Open the config.json file located in the root of the repository.
Modify the following fields to point to the correct directories on your machine:
- "downloads": Path to the directory where raw data will be saved.
- "generated_datasets": Path to the directory where processed datasets will be stored.
- "mapping": Path to the directory containing mapping files. You will only need to modify the path to the root directory since mapping files are already included in the repository.

Example config.json:

{
  "downloads": "/path/to/downloads",
  "generated_datasets": "/path/to/generated_datasets",
  "mapping": "/root/pipeline/convert_step2/mapping"
}

Usage

Step 1: Download

Go to pipeline/download_step1/cbioportal

Script execution order (some scripts will be moved into appropriate directories later) 1 - fetch_mutations.sh 2 - cancer_types.py | integrate_cancer_types.sh

UniProt Accession Numbers

Extract GRCh37 chromosomic positions and write out in BED format.

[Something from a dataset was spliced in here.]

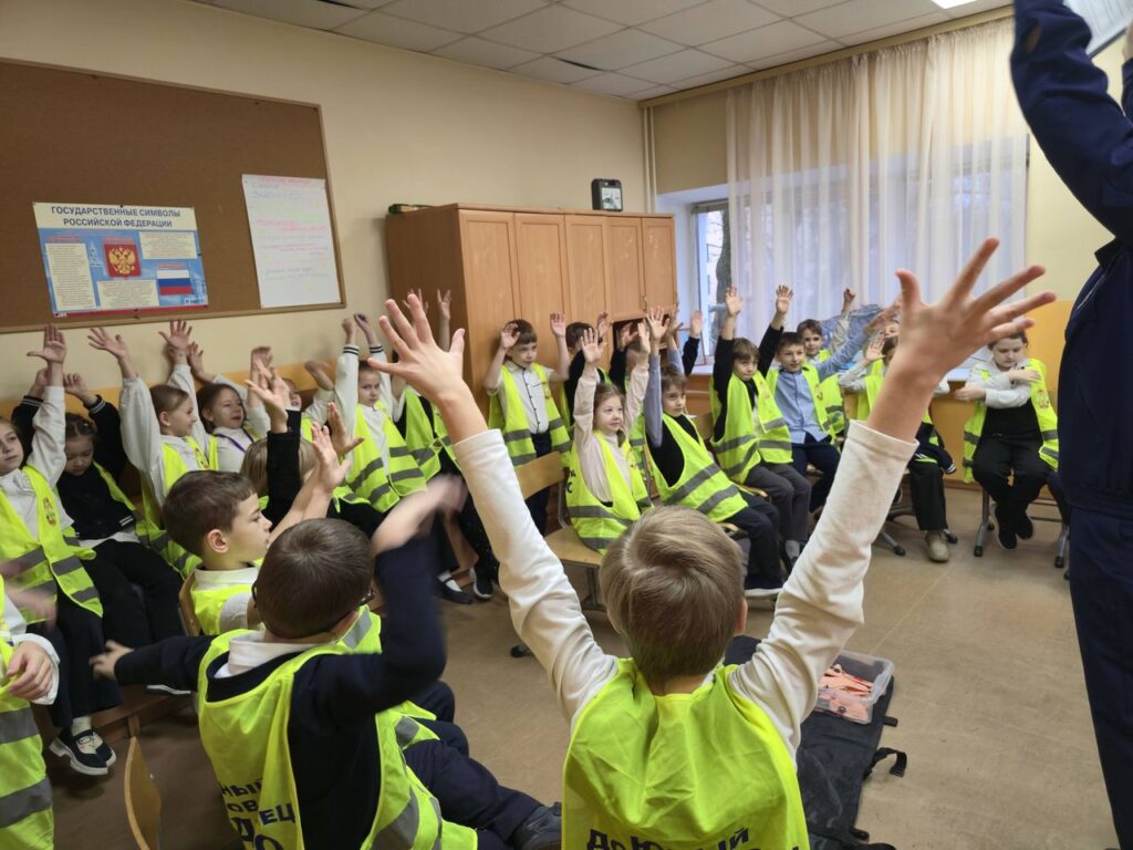 Состоялась важная встреча студентов с учениками 2 «А» класса МБОУ «Гимназия № 11 города Выборга» (Дружина юных пожарных «Пламя»).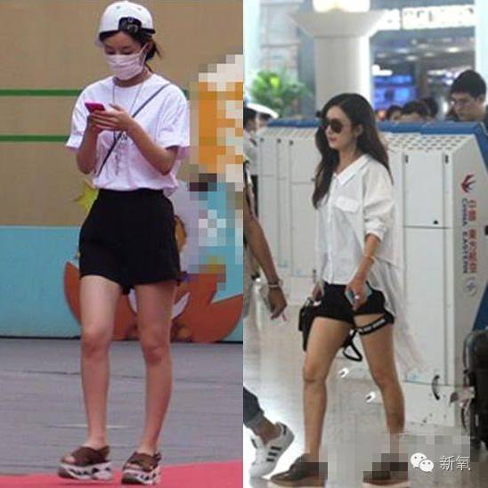 不少街拍都被拍到五五身材,都是短T配短裤,隔壁的大幂幂拍出来是这个效果。

script: /pipeline/convert_step2/liftover/1_chr_pos_to_bed.py
output: /biomuta/generated/datasets/2024_10_22/liftover/hg19positions.bed

Use UCSC LiftOver to convert to GRCh38 chromosomic positions.
1. Run 2_liftover.sh on hg19positions.bed with the chain file ucscHg19ToHg38.over.chain. You will get successfully mapped positions in hg38positions.bed and unmapped positions in unmapped.bed.
2. grep -v '^#' unmapped.bed > unmapped_ucsc.bed to delete comments generated by liftOver.
3. Run the same script but use unmapped.bed as the input and ensembl_GRCh37_to_GRCh38.chain as the chain file. You will get successfully mapped positions in hg38positions_unmapped_by_uscs.bed and unmapped positions in unmapped_ensembl.bed.
Grab the corresponding ENSEMBL transcript ID.
1. For every chromosomal position in the input BED file, in which transcript does it fall? See which range each position falls into in the gff3 file. Grab the corresponding ENSP.
Map to ENSEMBL protein ID.
Map to UniProt Canonical Accession Numbers.

Project Structure

License

Acknowledgements

The liftover from GRCh37 to GRCh38 was performed with the LiftOver command line tool developed by UCSC (insert link).

Setting config parameters

After cloning this repo, you will need to set the parameters given in pipeline/config.json.

Deprecated documentation

Requirements

The following must be available on your server:

Node.js and npm
docker

Setting config parameters

After cloning this repo, you will need to set the parameters given in cof/config.json. The "server" paramater can be "tst" or "prd" for test or production server respectively. The "app_port" is the port in the host that should map to docker container for the app.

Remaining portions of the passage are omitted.